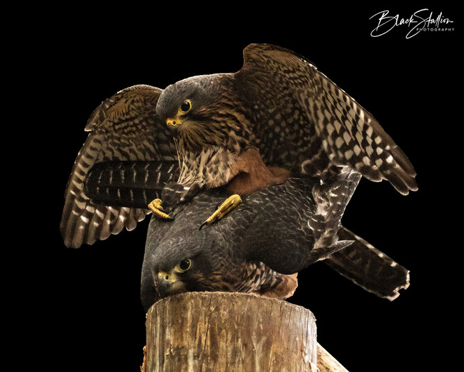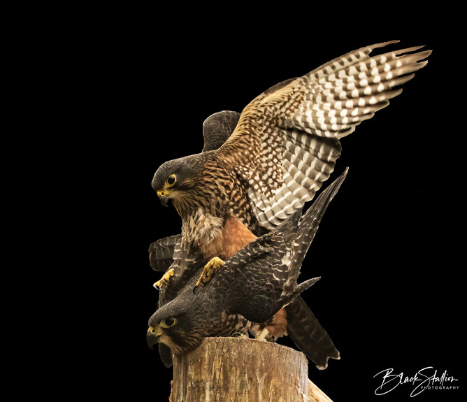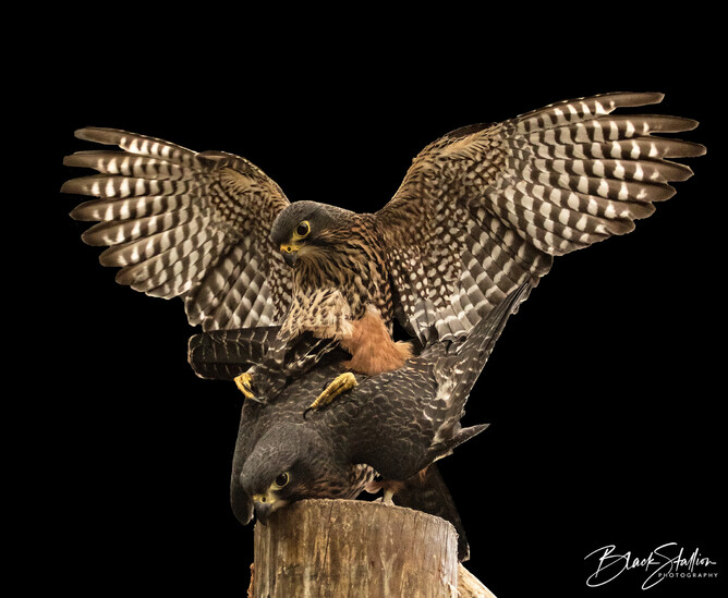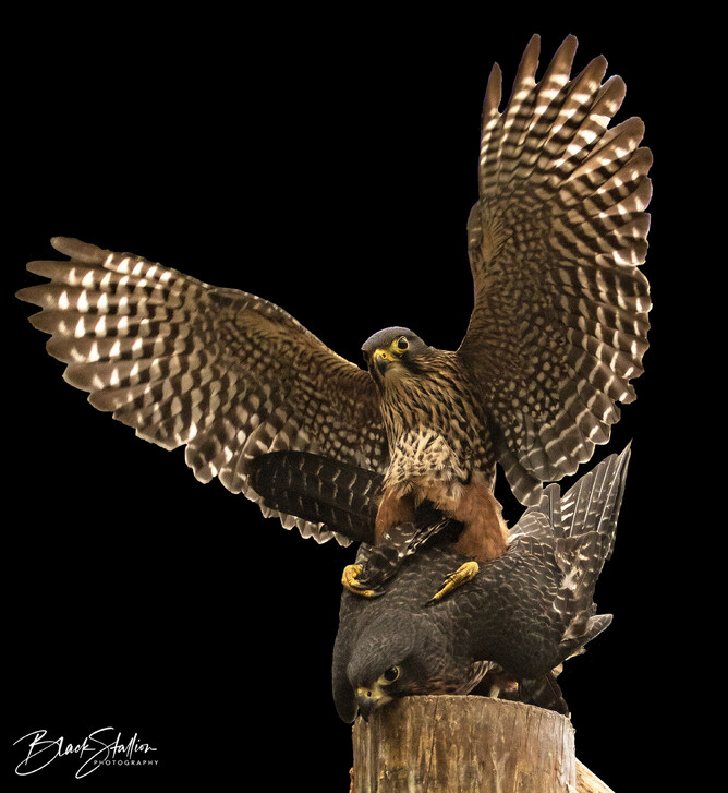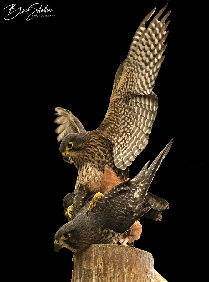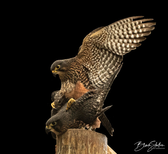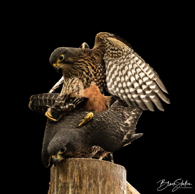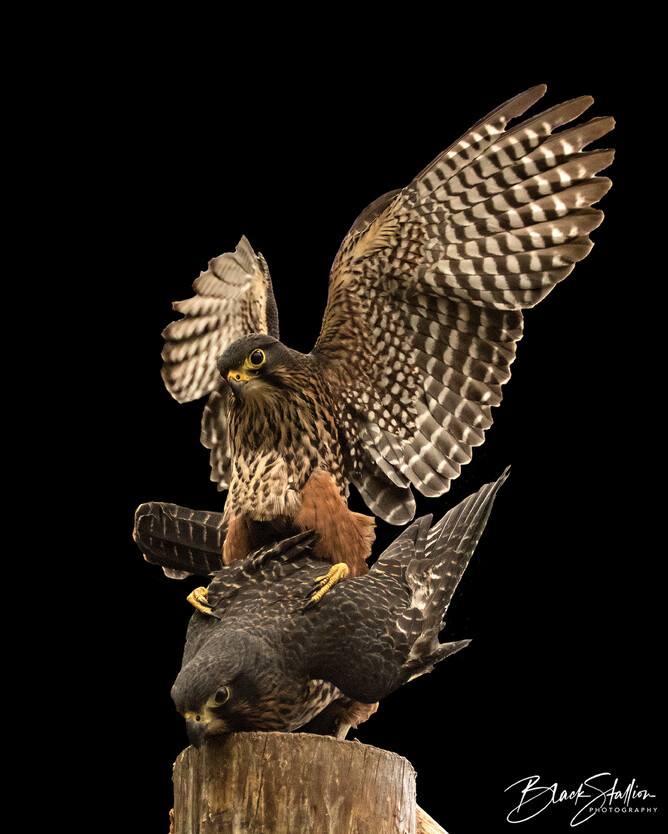 Back in 2015, I had the opportunity to witness and photograph a pair of Eastern New Zealand falcons (found in the South Island of New Zealand)(Kārearea) mating at Wingspan. This pair (Male – ‘Wink’ and Female – ‘Ali’) was one of Wingspan’s breeding pairs.
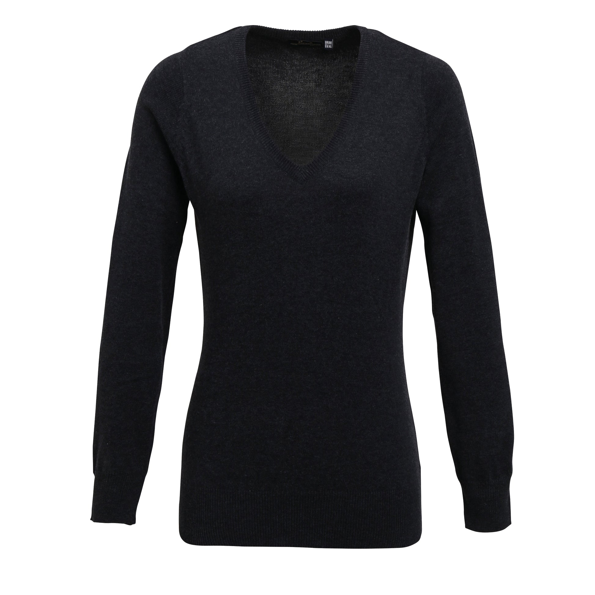 Women's long sleeve v-neck jumper. Soft feel/cotton rich yarn. Fine gauge knit. Contemporary styling. Set in sleeves. WRAP certified. BSCI certified. Reach certified.
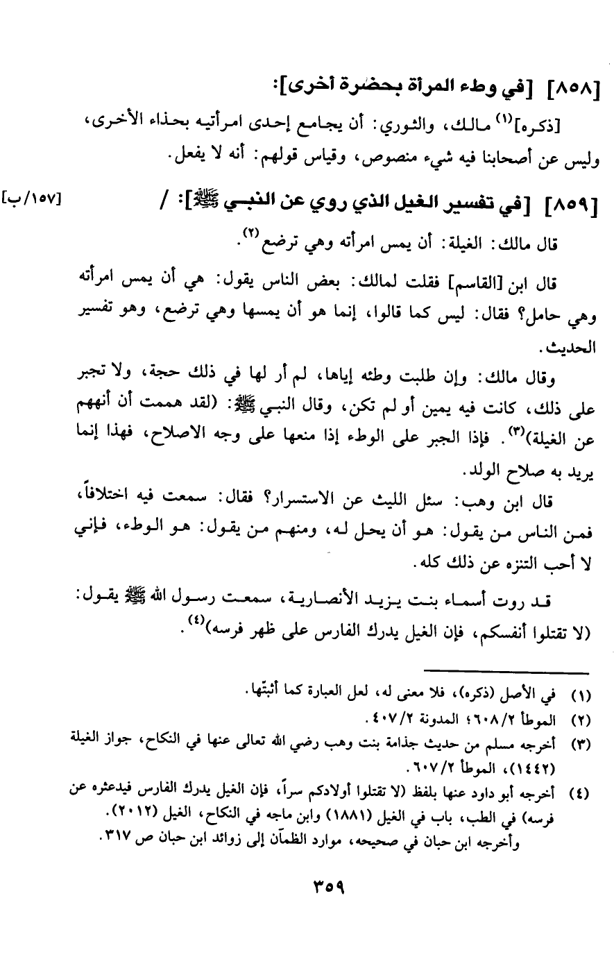 858 - فِي وَطْء الْمَرْأَة بِحَضْرَة أُخْرَى
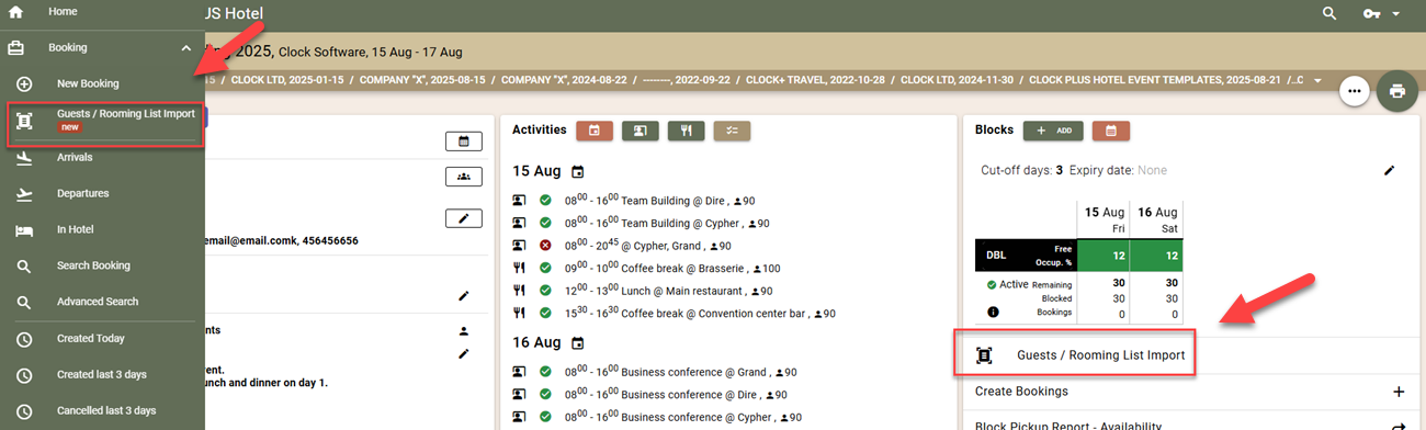 Open the new import screen. If you are in the Event, click the Guests/Rooming list - import button in the Block section or from the main navigation - the Bookings section.
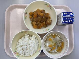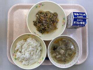 5/22(水)のメニューは『きのこスープ』『豚肉とナスのみそ炒め』『麦ごはん』『牛乳』でした。
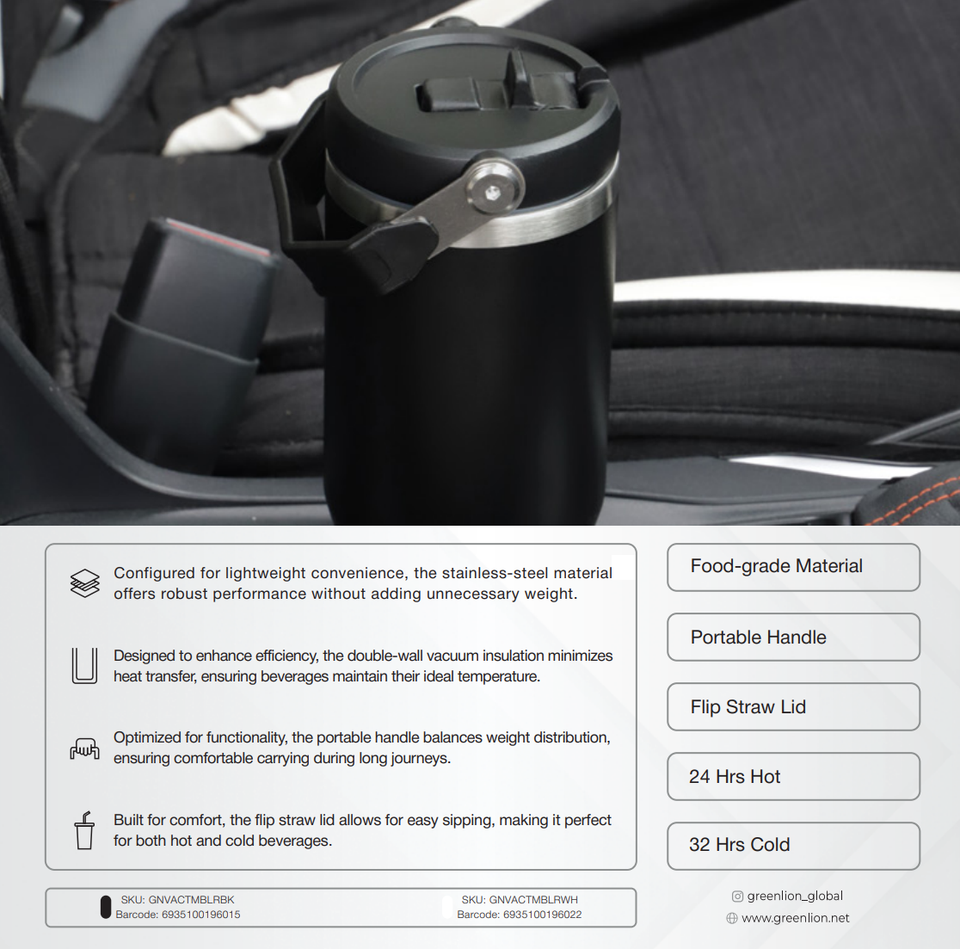 Green Lion 900ml Premium Insulated Stainless Steel Vacuum Tumbler & Thermos Portable Sports Flask with Lids 12oz Capacity
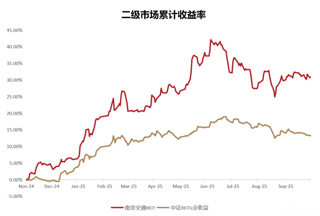 二级市场稳健显优势:截至2025年9月30日,产品上市以来二级市场涨幅为30.84%,本产品二级市场涨幅领先中证REITs全收益指数(13.18%),是投资者积极配置的优质标的,展现了市场对本产品经营能力对长期价值的认可。

WORK TO COMPLETE: Using the entries above, repeat exactly the lines from the one with "5/22(水)のメニューは『" to the one with "Green Lion 900ml", both included, and leave the pictures behind.

SOLVED PROBLEM:
 5/22(水)のメニューは『きのこスープ』『豚肉とナスのみそ炒め』『麦ごはん』『牛乳』でした。
 Green Lion 900ml Premium Insulated Stainless Steel Vacuum Tumbler & Thermos Portable Sports Flask with Lids 12oz Capacity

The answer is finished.